Not only does McEvilley, as argued by English, participate in the division between racial content and modernist form, in ways that emphasize the blackness as an “alien” presence within modernism, but the incorporation of the geometry vs. color field dichotomy doubles down on this reading. Yet rather than divided between form and content, how the works look and what they are called, McEvilley’s analysis maintains a division within the elements of abstraction. It is only then that the ‘small areas of geometry’ turn to ‘represent’ the ‘door’ of the title of the series ‘through which enslaved Africans were loaded onto ships’. To somehow make geometry European is to part of McEvilley’s commitment to what he calls elsewhere the Pythagorean-Platonic tradition (Sculpture in the Age of Doubt, p. 17). (Although to be fair to McEvilley, what happens if we follow the ‘stolen legacy’ thesis and at least one of these geometry-obsessed Greek philosophers actually gained their wisdom from visits to Egypt?).

But the saga does not end there. Thanks to the video documentary Joe Overstreet, The Illustrious: Portrait of an Artist, by Jahn F. M. Overstreet, we can see Overstreet working on one of the “Facing the Door of No Return” series: Exchange.

Joe Overstreet, Exchange, 1993

 

This video clearly shows Overstreet incorporating a Fibonacci-based grid into the base structure of the painting. In an article that ends with a discussion of these works, Graham Lock offers his own biographizing account of how this geometric structure appeared in Overstreet’s work:

Overstreet has always been fascinated by the geometry of form, the internal dynamics of a painting, and in the early 1970s his father-in-law Wilmer Jennings, himself a noted artist, introduced him to the Fibonacci sequence of numbers, which, along with its whirling squares and logarithmic spirals, Overstreet has used as a geometrical underlay in nearly all of his subsequent work (and which, incidentally, he continues to mark out on the canvas using rope or twine as a measuring tool).

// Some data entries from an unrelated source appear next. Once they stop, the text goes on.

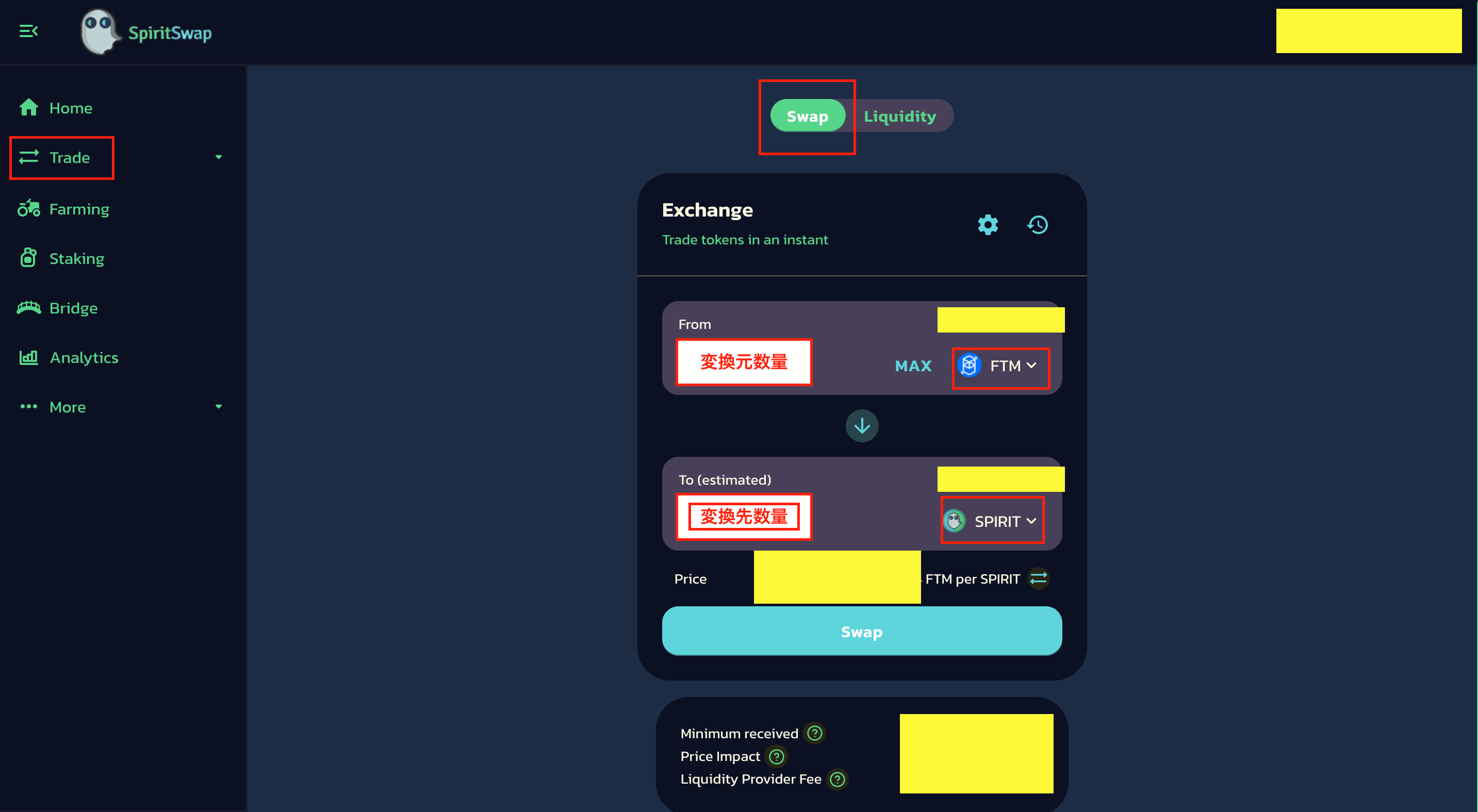 MetamaskにFTM(FTM)が用意できたので次は実際にメインAMMであるSpiritSwapでスワップしてみます。
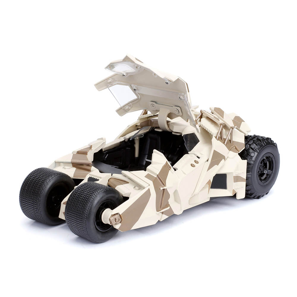 Este modelo a escala 1:24 reproduce el icónico Tumbler Batmóvil de la película El Caballero Oscuro (2008), presentado en un acabado camuflaje militar que evoca un estilo táctico y realista. Fabricado con carrocería metálica die‑cast y ruedas de goma, incluye figura metálica de Batman (≈ 7 cm) y presenta cabina con apertura accesible, lo que lo convierte en una pieza ideal tanto para coleccionistas como para exposición o juego ligero.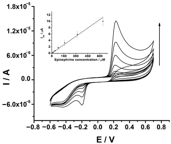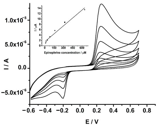 After the optimization of the pH of the solution, the analytical performance of the GCE-PEDOT-AuNPs sensor was estimated in terms of linear response range, sensitivity, limits of detection and quantification, repeatability, and reproducibility. The best analytical response was obtained after a preconcentration step with a duration of 60 s at open circuit potential in the presence of 80 μM epinephrine. In Figure 6, the CV traces recorded at GCE-PEDOT-AuNPs modified electrode in an aqueous buffered solution of pH 7 containing various amounts of epinephrine are depicted. The oxidation of epinephrine takes place at a potential value of 0.24 V vs. Ag/AgCl/KCl (3M). On the cathodic scan, a reduction wave with a peak potential value of (−0.20) V vs. Ag/AgCl/KCl (3M) could be observed. This behavior is characteristic of the catechol moiety of the epinephrine. The anodic peak current increases linearly with the epinephrine concentration in the range of 10 to 640 μM.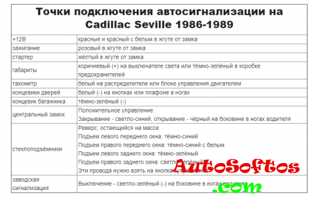 Точки подключения автосигнализации на Cadillac Seville 1986-1989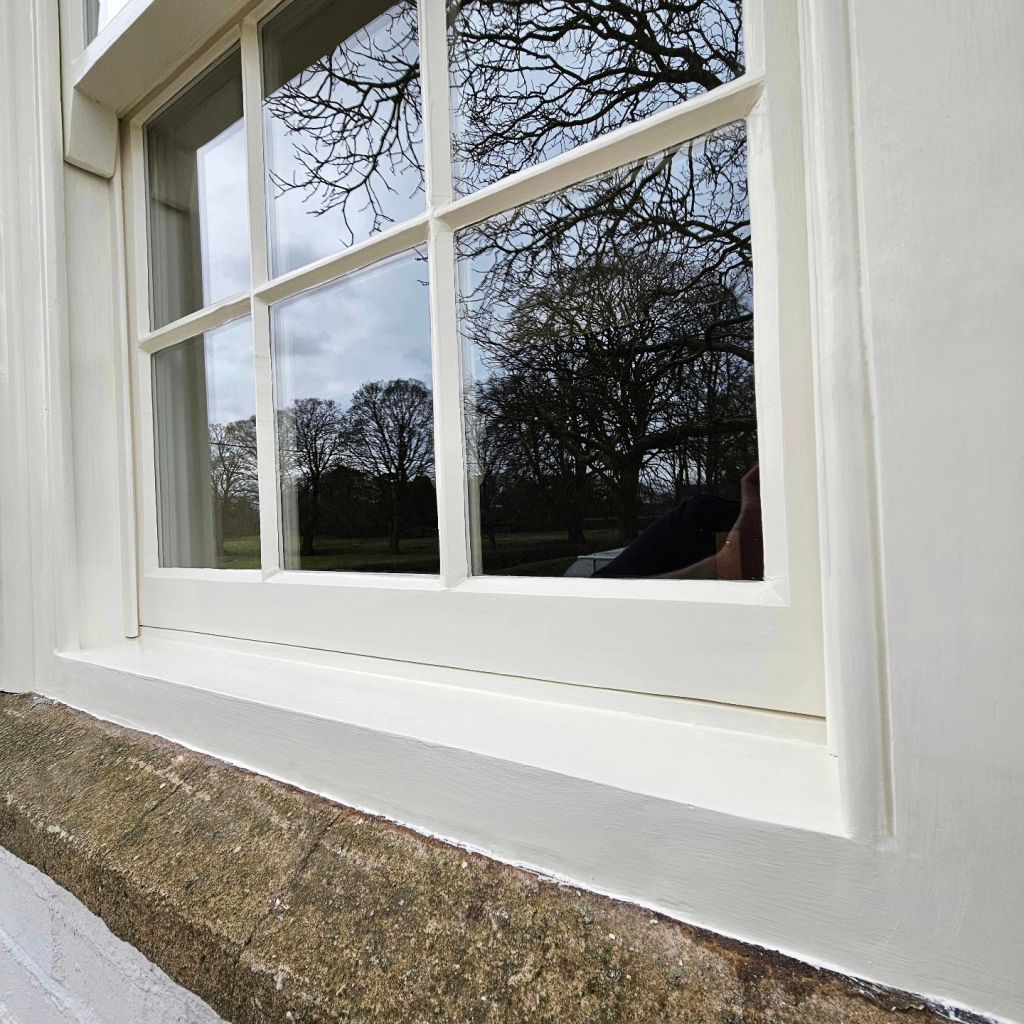 Before – AfterFull corner rebuild on top sash windowFinished sash window fitted with slimline double glazing units.Sash window fully restored and fitted with heritage slimline double glazing.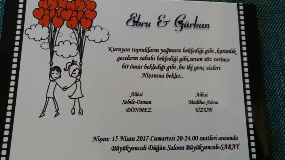 Köyümüz halkından Osman Dönmez’in Kızı Ebru ve Gürkan’ın nişan törenleri 15 Nisan 2017 Cumartesi günü saat 20:00 24:00 arası Büyükyoncalı Düğün Salonunda Büyükyoncalı/Saray adresinde yapılacaktır. Nişanımıza Tüm Dernek üyelerimiz ve Köy Halkımız davetlidir. İrtibat Osman Dönmez 05355539236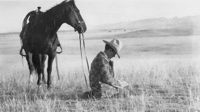 William Reynolds’ in-depth new book on artist Joe De Yong (1894-1975) illuminates the life of Charles M. Russell‘s only protégé. Cowboy illustrator and artist De Yong is linked to Coachella Valley art history. In 1934 he joined the equestrian group Ranchos Visitadores and made treks to Palm Springs, enjoying the friendship of cowboy mayor Frank Bogert. In the early 1960s, De Yong’s drawings of cowboys and outlaws graced the walls of the Desert Sun newspaper offices. The artist exhibited at the Palm Springs Desert Museum (now the art museum) and the influential Desert Southwest Gallery in Palm Desert.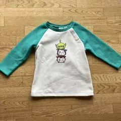 水色のトラ柄Tシャツ、スナップボタン付きで着脱簡単です。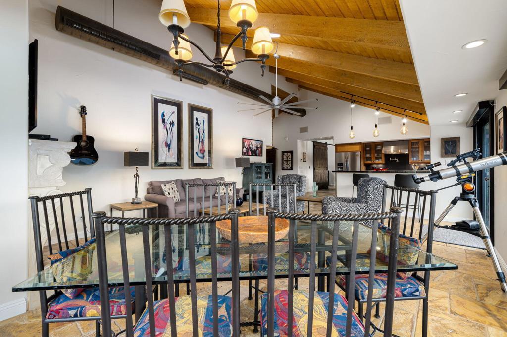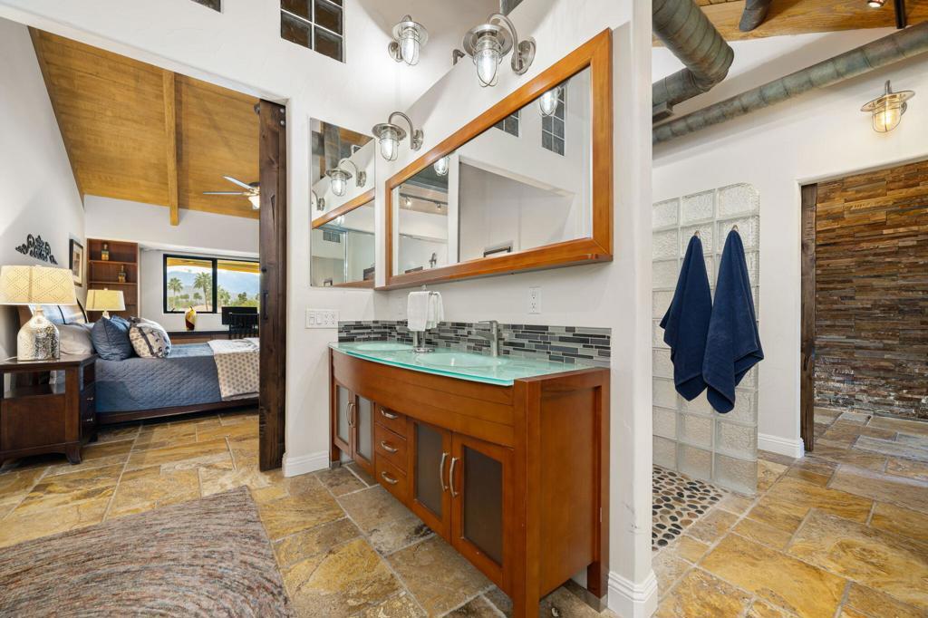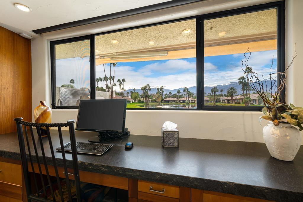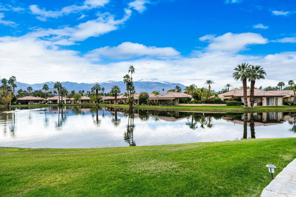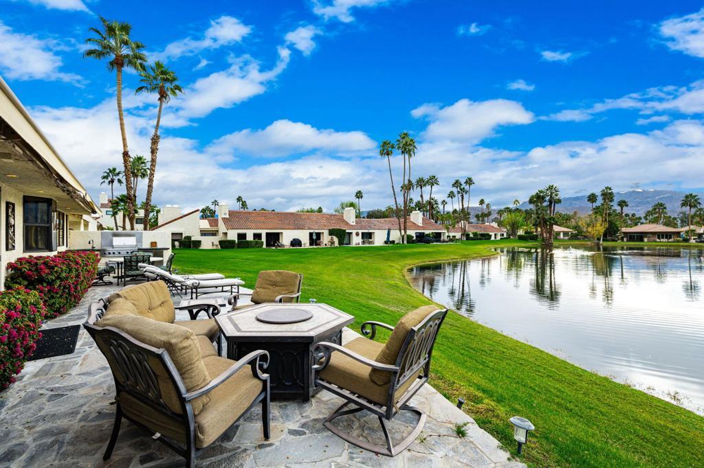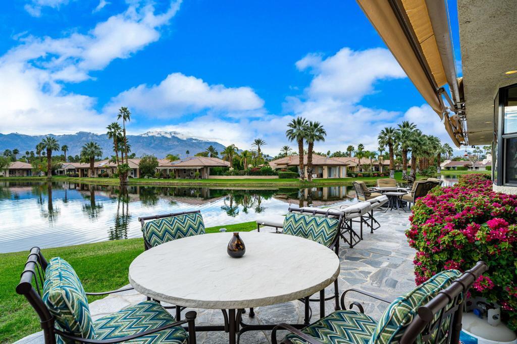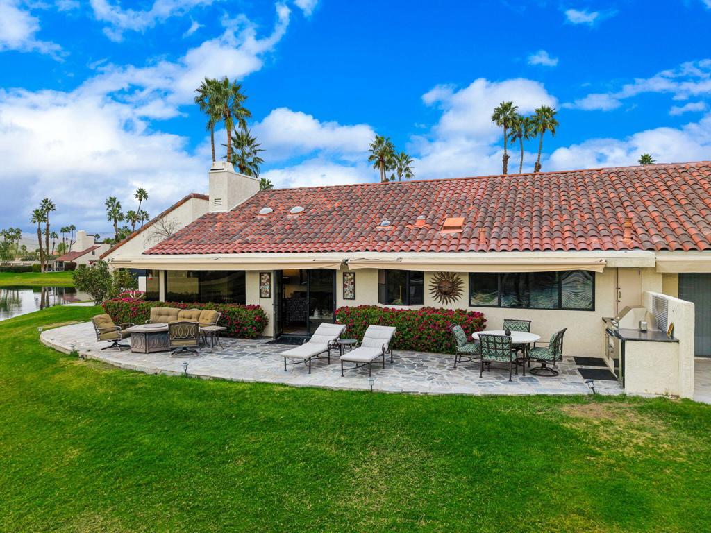 Beautifully updated loft-style condo in Mission Hills Country Club offering unobstructed lake and panoramic views of the Santa Rosa and San Jacinto Mountains from every room. Designed for effortless indoor-outdoor living, the expansive wraparound patio is ideal for sunset entertaining, al fresco dining, and relaxed gatherings, complete with natural stone finishes and a Viking outdoor kitchen. Inside, enjoy a dramatic stone entry, travertine flooring, gourmet kitchen with slab granite countertops, newer stainless-steel appliances, exposed ductwork, and soaring wood-beamed ceilings. An architecturally distinctive residence offering a refined desert lifestyle with privacy, comfort, and unforgettable views.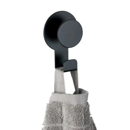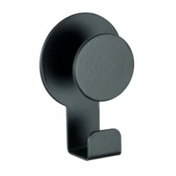 Der praktische Klebehaken ist aus rostfreiem Edelstahl in schwerer, massiver Qualität gefertigt und liegt mit seiner matt-schwarzen Oberfläche absolut im Trend.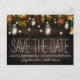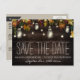 Cartões de Save the Date de Casamento com Jarra de Mason de Firefly de Outono - apresentam um fundo de madeira de celeiro rústico com folhas de bordo, carvalho e outras folhas em cores de outono -- vermelho, borgonha, amarelo, verde e laranja com luzes cintilantes por toda parte. Jarras de Mason cheias de luzes ou fireflies também são adicionadas ao design.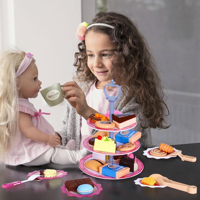 - Super Value Tea Set for Little Girls - 30 PCS pretend dessert food set include 1 gift box, 3-tiered cake stand(made of 7 pieces), 4 plates , 2 forks, 1 cake shovel, 1 cake tongs, 2 pastry box, 19 sweet treats (doughnut, cakes, cookies etc). Rich pretend tea dessert accessories, let your little girls endless hours of tea time themed pretend role play.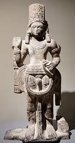 The human-sized sculpture of the second phase Vishnu with Pallava influence was discovered in Sri Mahosot in Central Thailand. Vishnu is attired in a plain cylindrical crown along with a transparent lower garment. The style of the sculpture shares a similarity with the ones discovered in Southern Thailand.[13][14]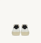 Questa scarpa da ginnastica da uomo è realizzata in pelle bianca, morbida e dall'aspetto naturale, rifinita con la lavorazione a microfori sulla punta che offre un'ottima traspirabilità. Il dettaglio sul tallone in pelle nera aggiunge un tocco grafico al look.
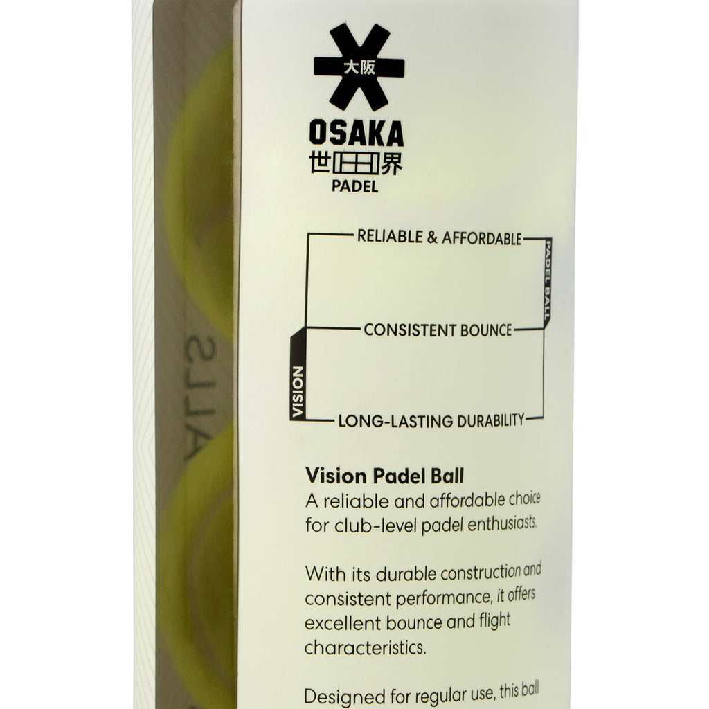 De Osaka Vision Padel 3 St. uit de 2024–2028 collectie is een ideale keuze voor padelliefhebbers die zoeken naar een betrouwbare, duurzame en betaalbare bal voor dagelijks gebruik.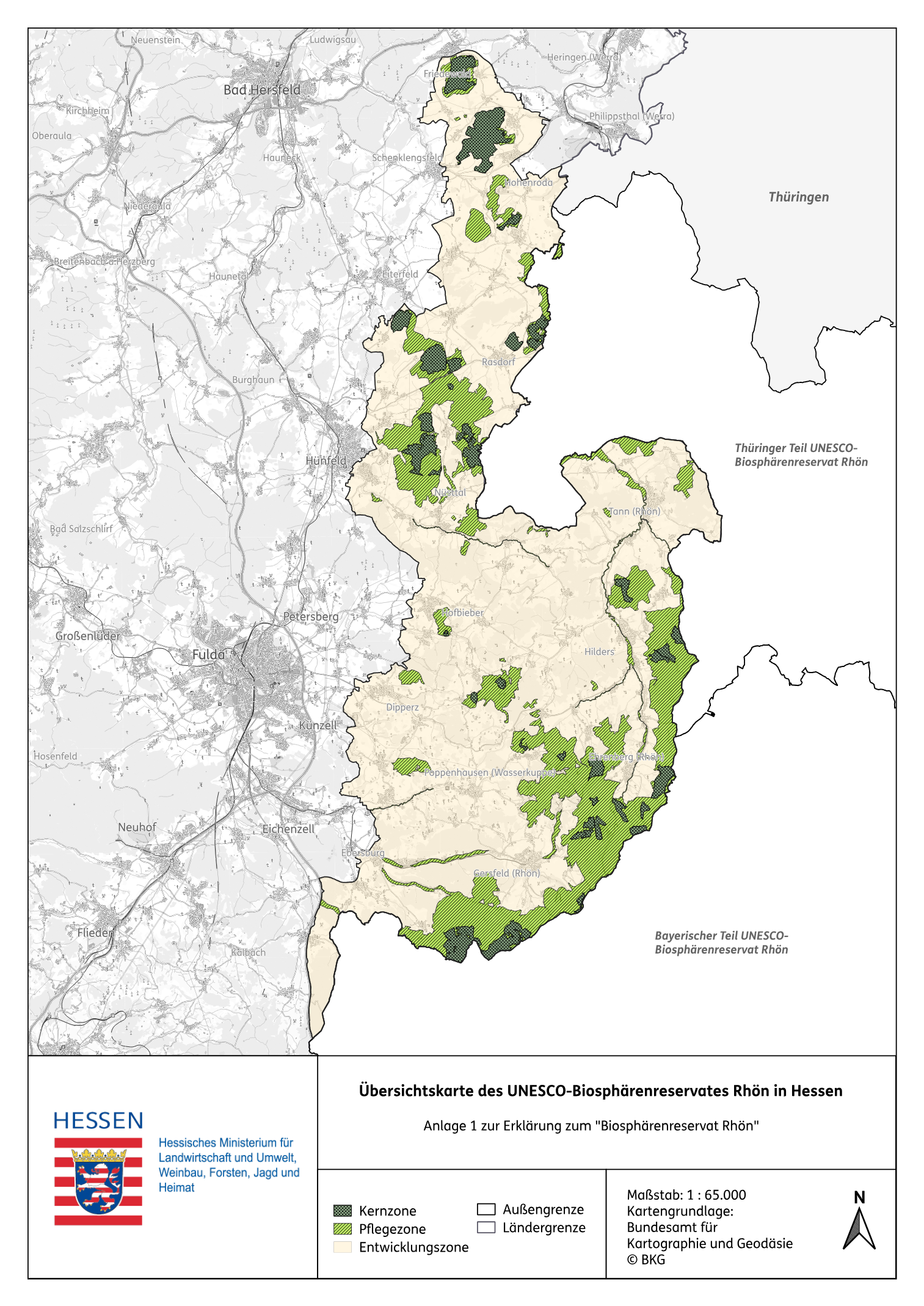 Das Biosphärenreservat Rhön umfasst eine Fläche von rund 185.000 ha. Diese Fläche verteilt sich auf die drei Länder Bayern (rund 73.000 ha), Hessen (rund 63.500 ha) und Thüringen (rund 48.500). Der hessische Teil des Biosphärenreservates Rhön liegt vollständig im Regierungsbezirk Kassel und umfasst Teile der Landkreise Fulda und Hersfeld-Rotenburg, wobei der überwiegende Teil der hessichen Fläche im Landkreis Fulda liegt.

The Fibonacci-based geometrical underlay for Exchange. From the video documentary Joe Overstreet, The Illustrious: Portrait of an Artist, by Jahn F. M. Overstreet (Oakland, CA: Video Museum, 1995).

 

While Graham is still susceptible to the racialized readings that McEvilley imposes on Overstreet’s work, the discovery of geometrical forms buried within the works and not merely an element of the work, somehow competing with the color field, clearly disturbs any simplistic dichotomy between ‘African’ or ‘European’ components to their abstraction. It also reveals more clearly the stakes in Darby English’s project and how stereotypes of a European geometric formalism hark back to antiquity in ways that infiltrate Modernism at a profoundly basic level.